As with matsindf_apply(), column names in midf can be mapped to the arguments of calc_W() by the arguments to calc_W().

midf |> 
  dplyr::rename(X = U, Y = V) |> 
  calc_W(U = "X", V = "Y")

calc_W() can operate on lists of single matrices, too. This approach works, because the default values for the U and V arguments to calc_W() are "U" and "V", respectively. The input list members (in this case midf$U[[1]] and midf$V[[1]]) are returned with the output, because list(U = midf$U[[1]], V = midf$V[[1]]) is passed to the .dat argument of matsindf_apply().

calc_W(list(U = midf$U[[1]], V = midf$V[[1]]))

It may be clearer to name the arguments as required by the calc_W() function without wrapping in a list first, as shown below. But in this approach, the input matrices are not returned with the output, because arguments U and V are passed to the ... argument of matsindf_apply(), not the .dat argument of matsindf_apply().

calc_W(U = midf$U[[1]], V = midf$V[[1]])

calc_W() can operate on data frames containing single numbers.

data.frame(U = c(1, 2), V = c(3, 4)) |> calc_W()

Finally, calc_W() can be applied to single numbers, and the result is 1x1 matrix.

calc_W(U = 2, V = 3)

It is good practice to write internal functions that tolerate zero-length inputs, as calc_W() does. Doing so, enables results from different calculations to be rbinded together.

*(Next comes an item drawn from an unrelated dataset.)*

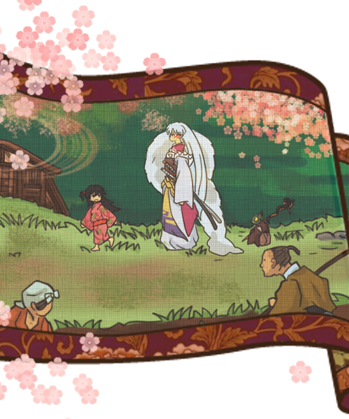 春爛漫の椿事(ちんじ) ※この画像は『妖ノ恋』さまの了解をえて公開しております。冬の終わりをつげる梅が咲いた。そして散った。陽光の化身のような菜の花はずっと咲き続けている。しばらくして本格的な春の訪れをつげる桜が咲いた。桃も負けじと咲きだした。桜色と桃色、濃淡の違う淡紅色の花弁が艶やかさを競うように咲き誇る。隻眼の老女、巫女、楓の守る村は、今、春を彩る花々に覆われている。春の訪れに村人の表情も明るい。畑仕事にも精がでる。そんな春爛漫の村里をのんびりと歩く珍妙な三人連れがいる。その一行に目をとめた吾作は農作業のかたわら女房のお花に話しかけた。吾作「おい、かかあ、見ろや。ま~た、あの御仁が来とるぞ」お花「ん? あぁ~~殺生様かい。りんちゃんに逢いにきなすったんだね。腰巾着(こしぎんちゃく)の邪見も一緒だ」五つか六つだろう。可愛らしい女児がはずむような足取りで村の中を先導している。その後から堂々たる美丈夫と緑色の小妖怪がついていく。女児の名は『りん』。つい先日、この村を守る隻眼の巫女、楓が預かった幼子である。美丈夫は『殺生丸』というらしい。いつの間にか村に居付いた犬夜叉の兄との触れ込みだ。犬夜叉は半妖だが兄の殺生丸は純粋な妖怪らしい。というのも犬夜叉の母親は人間だが殺生丸の母親は違うのだ。いわゆる異母兄弟とかいうやつである。そのせいだろうか。身にまとう雰囲気が兄と弟では天と地ほども違う。犬夜叉は野育ちのせいか基本的に粗野で物言いも荒っぽい。それに比べ殺生丸は生まれも育ちも本物のお殿様である。やることなすこと全てが貴族的で洗練されている。それもあって村人は恐れ多くて殺生丸の傍にもよれない状態だ。とはいえ殺生丸も犬夜叉も白銀の髪と金の瞳である。同じ色合いが嫌でも両者の血の繋がりを感じさせた。柔らかな陽射しの中、長身の妖怪はゆったりと歩をすすめる。右肩を覆う豪奢な白銀の毛皮が陽光をはじいて眩しい。厳(いかめ)しい妖鎧、雅(みやび)な流水文様の飾り帯、風にはためく艶(あで)やかな振袖。溜め息がでるほど見事な若武者姿である。腰には対照的な二振りの長刀を帯びている。ひと振りは漆塗りの黒鞘におさめた天生牙。もうひと振りは雷紋が施された白木の鞘の爆砕牙。『慈悲』を象徴する天生牙と『非情』の爆砕牙、それは殺生丸の本質でもある。白銀の大妖は相反する資質を同時に有する稀有な存在でもあった。サクッ サクッ サクッ静かに草を踏みしめて歩く殺生丸。何気ないひとつひとつの所作が流れるように美しい。そして何物にも動じない悠揚せまらざる態度。いかにも上つ方(=貴人、身分の高い人)らしい。そんな美貌の主(あるじ)の後をチョコチョコと小走りで追いかけるのはお供の邪見。いわずと知れた殺生丸の従者である。ギョロリとした出目、尖った嘴(くちばし)のような口許、緑色の矮小な体躯。蛙なのか河童なのか、はたまた鳥か、実に判断に苦しむ。なんとも奇妙な風体(ふうてい)の小妖怪である。それでも従者らしく焦げ茶色の水干を身につけ、禿げ頭にはチョコンと烏帽子(えぼし)を乗っけている。片時も手離さないのは翁と女の頭がついた不気味な杖、人頭杖である。お花「そういや、お前さん、聞いたかい? 村外れの袂橋(たもとばし)でのこと」お花は亭主の吾作に、先頃、村でもちきりの噂話をはじめた。袂橋とはこの村と隣村の間に流れる川に掛けられた橋である。川そのものが境(さかい)になっているのだ。昔、話し合いの結果、橋は二つの村が協力してかけられた。それゆえ、橋のど真ん中が村と村との境だと決められている。吾作「あぁ、何かあったんか?」お花「それがさあ、聞いておくれよ。村の悪たれどもが、りんちゃんにちょっかいかけたんだって」吾作「悪たれどもっつうと、あれか。村長(むらおさ)んとこの一郎太と近頃よくとつるんでる洟垂(はなた)れの餓鬼どもか」お花「そうそう、あの馬鹿どもったら、隣村への御用をいいつかったりんちゃんを袂橋んところで通せんぼしたんだってよ」吾作「はあっ、何だってそんなことを?」お花「そりゃ、決まってるだろ。りんちゃんの気を惹きたかったんだよ」吾作「へっ?」お花「鈍いねえ、あんた。一郎太は可愛いりんちゃんと仲良くなりたかったのさ。でも、あの年頃は、中々、素直にゃなれないからね。それで粋(いき)がって仲間と意地悪したんだよ」吾作「あいつら、まだ十(とお)にもならない餓鬼じゃねえか」お花「餓鬼は餓鬼でも男は男ってことさ。りんちゃんは鄙(ひな)には稀な器量よしだからね。早目に粉かけとこうってんだろ」吾作「けっ、餓鬼が一丁前に色気づきやがって。それで、どうなったんだ?」吾作がそう聞いた途端、女房のお花はゲラゲラと笑い転げた。腹を抱えて大笑いである。爆笑といってもいい。笑いすぎて目尻には涙までにじんでいる。お花「あははっ、そっ、それがさ、笑えるんだよ。殺生丸さまがいきなり現れて馬鹿ども

calc_W(U = numeric(), V = numeric())
calc_W(list(U = numeric(), V = numeric()))

res <- calc_W(list(U = c(2, 3, 4, 5), V = c(3, 4, 5, 6)))
res0 <- calc_W(list(U = numeric(), V = numeric()))
dplyr::bind_rows(res, res0)

Conclusion

This vignette demonstrated use of the versatile matsindf_apply() function. Inputs to matsindf_apply() can be

single numbers,
matrices, or
data frames with appropriately-named columns.

matsindf_apply() can be used for programming, and functions constructed as demonstrated above share characteristics with matsindf_apply():

they can be used as specialized dplyr::mutate() operators, and
they can be applied to single numbers, matrices, or data frames with appropriately-named columns.